Building peace in the minds of men and women


Towards cities against racism and exclusion


Lorca Fakir and her family were among the first Syrian refugees to benefit from a community sponsorship programme in Ireland, February 2019. The initiative involves private citizens aiding displaced people entering the community.

13 November 2015. The French capital is in the grip of a series of suicide attacks, the deadliest the country has seen in recent history – stirring up emotions all around the world. Meanwhile, far from the commotion in Paris, six cameras closely follow the daily lives of a father and his daughter in Bologna, Italy; a family in Seville, Spain; a couple in love in Riga, Latvia; a lonely young man in Hamburg, Germany; a determined teenager in Toulouse, France; a couple getting together in Loures, Portugal. Scattered all over Europe, these people have nothing in common except that they are all migrants. A group that will pay the high price for increased security and border controls in the aftermath of the Paris bombings.

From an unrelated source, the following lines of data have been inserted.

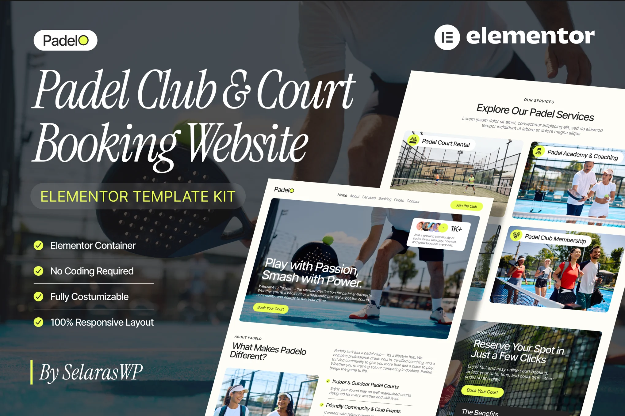 Padelo is a modern and professional Elementor Template Kit designed specifically for padel clubs, tennis clubs, sports centers, and court booking businesses. Built with the user in mind, Padelo offers a stunning visual design combined with a seamless user experience, allowing you to create a full-featured website without writing a single line of code.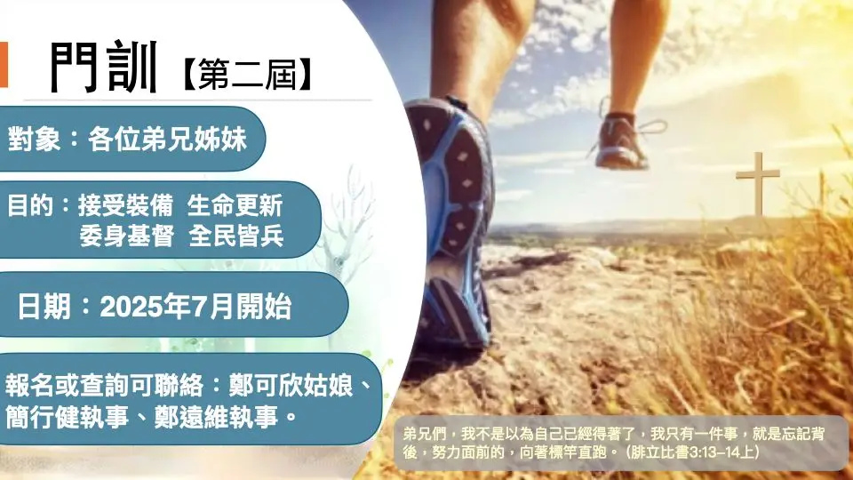 第二屆【門訓】將於7月開課,讓眾弟兄姊妹接受裝備,生命更新而轉化,成為委身基督的服侍者,合主用的門徒。有意參加可到壁報板海報上填寫名字,詳情可與鄭可欣姑娘、簡行健執事或鄭遠維執事查詢。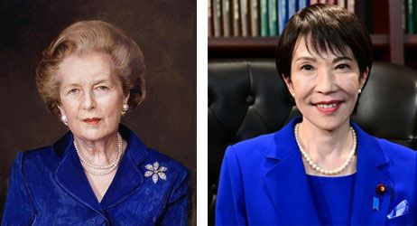 마거릿 대처 전 영국 총리(왼쪽)와 다카이치 사나에 일본 총리. 경향신문 자료사진·AFP연합뉴스 |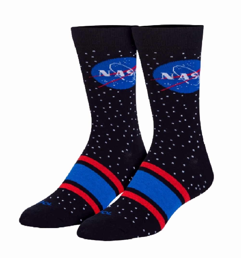 These NASA Stars Athletic Crew Socks are perfect for any science enthusiast or future astronaut. These black crew socks feature a starry sky and red and blue stripes with the NASA logo. Features 100% premium cotton for enhanced comfortability and a thickened toe and heel for maxed cushioning.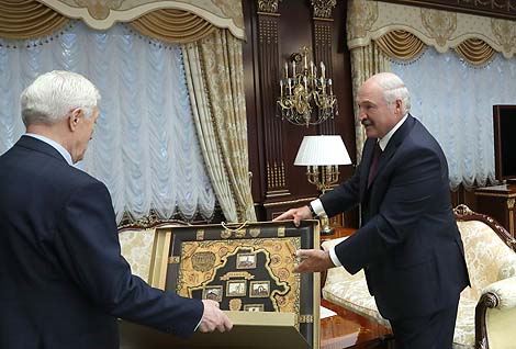 会议期间,卢卡申科向苏里科夫赠送了几件礼物。其中有在木头上雕刻的白罗斯地图。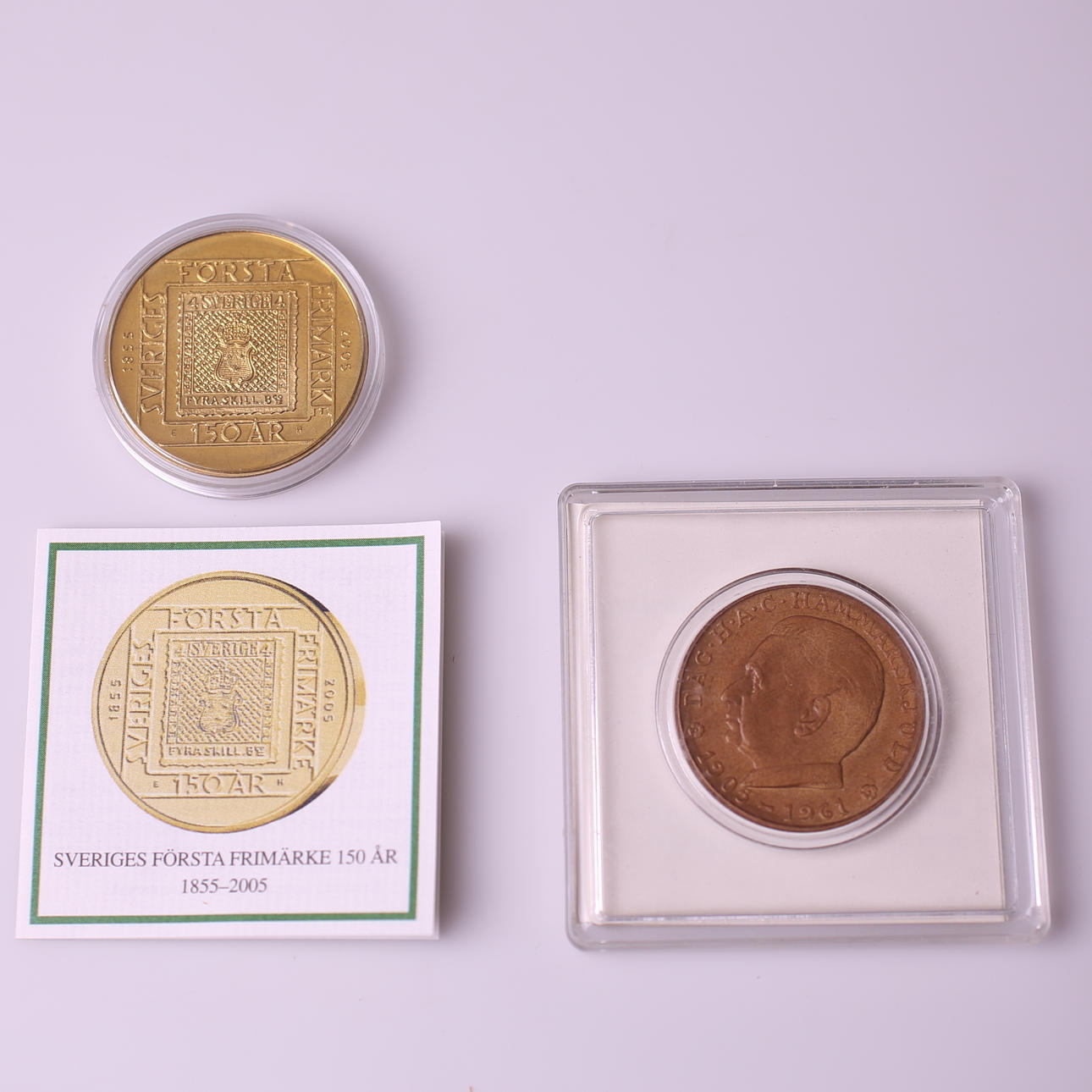Gedenkmünze SEK 50, Jahr 2005, vergoldet, Schwedens erste Briefmarke 150 Jahre 1855-2005 "Four Shillings Banco", Durchmesser 36 mm, Gewicht 22 Gramm.
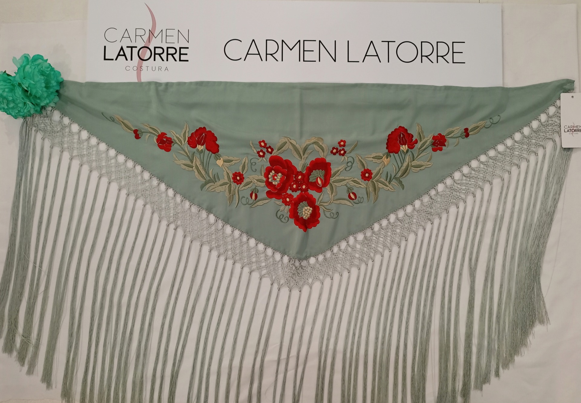 Mantoncillo de señora verde seco, modelo Azo con bordados en tonos rojos y verdes.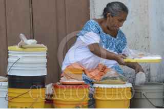 CANCUN, QROO., 29ABRIL2015.- Como cada mañana Doña Jacinta y Doña Francisca preparan su venta de tamales colados, vaporcitos y pozol típico de la región. FOTO:ELIZABETH RUIZ/CUARTOSCURO.COM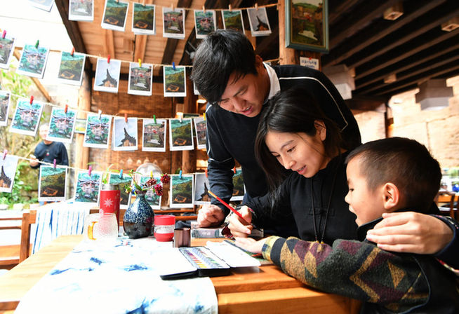 來自江西省吉安市的胡文亮是福建省寧德市屏南縣龍潭村引進的文創和專業設計人才。2020年5月,他投資六十多萬元翻新改造的兼具酒館、民宿和陶藝等功能的文創空間正式開業?!笆弧秉S金周期間接待游客近800人次。這是胡文亮(左一)和愛人曾婉珍(中)、小孩一起在繪制龍潭村主題明信片(2020年10月21日攝)。新華社記者 魏培全 攝

Their story is told in 13.11, a six-episode TV mini-series (fiction), produced in 2017 by Elenfant Film, an Italian video and film production company. It aims to show the human face of migration, and to prompt us not to forget that every minute, twenty people are displaced from their homes in our world today.

The city of Bologna was the driving force behind this project. The city is leader of the European Coalition of Cities Against Racism (ECCAR), launched at the end of the fourth European Conference of Cities for Human Rights in 2004.

The same year, UNESCO created a vast global network of cities united around the fight against racism, discrimination, xenophobia and exclusion in urban areas. The  International Coalition of Inclusive and Sustainable Cities (ICCAR) brings together the regional coalitions created in Europe (2004), Africa (2006), Latin America and the Caribbean (2006), Asia and the Pacific (2007), Canada (2007), Arab States (2008) and North America (2013).

Mobilizing cities to adopt a culture of solidarity and cooperation takes place through a variety of channels, including regular meetings of mayors, international conferences, and publications. In May 2016, for example, UNESCO and the foundation of its Goodwill Ambassador, Marianna V. Vardinoyannis, launched the Welcoming Cities for Refugees: Promoting Inclusion and Protecting Rights initiative. Conducted in partnership with ECCAR, the initiative resulted in the 2016 publication of the same name. It provides the first thorough international mapping and analysis of city and migration issues, with a focus on Europe. The publication also reviews perspectives of international networks on cities and migration, and identifies a set of common principles, guidelines and actions to be carried out in the field of urban governance.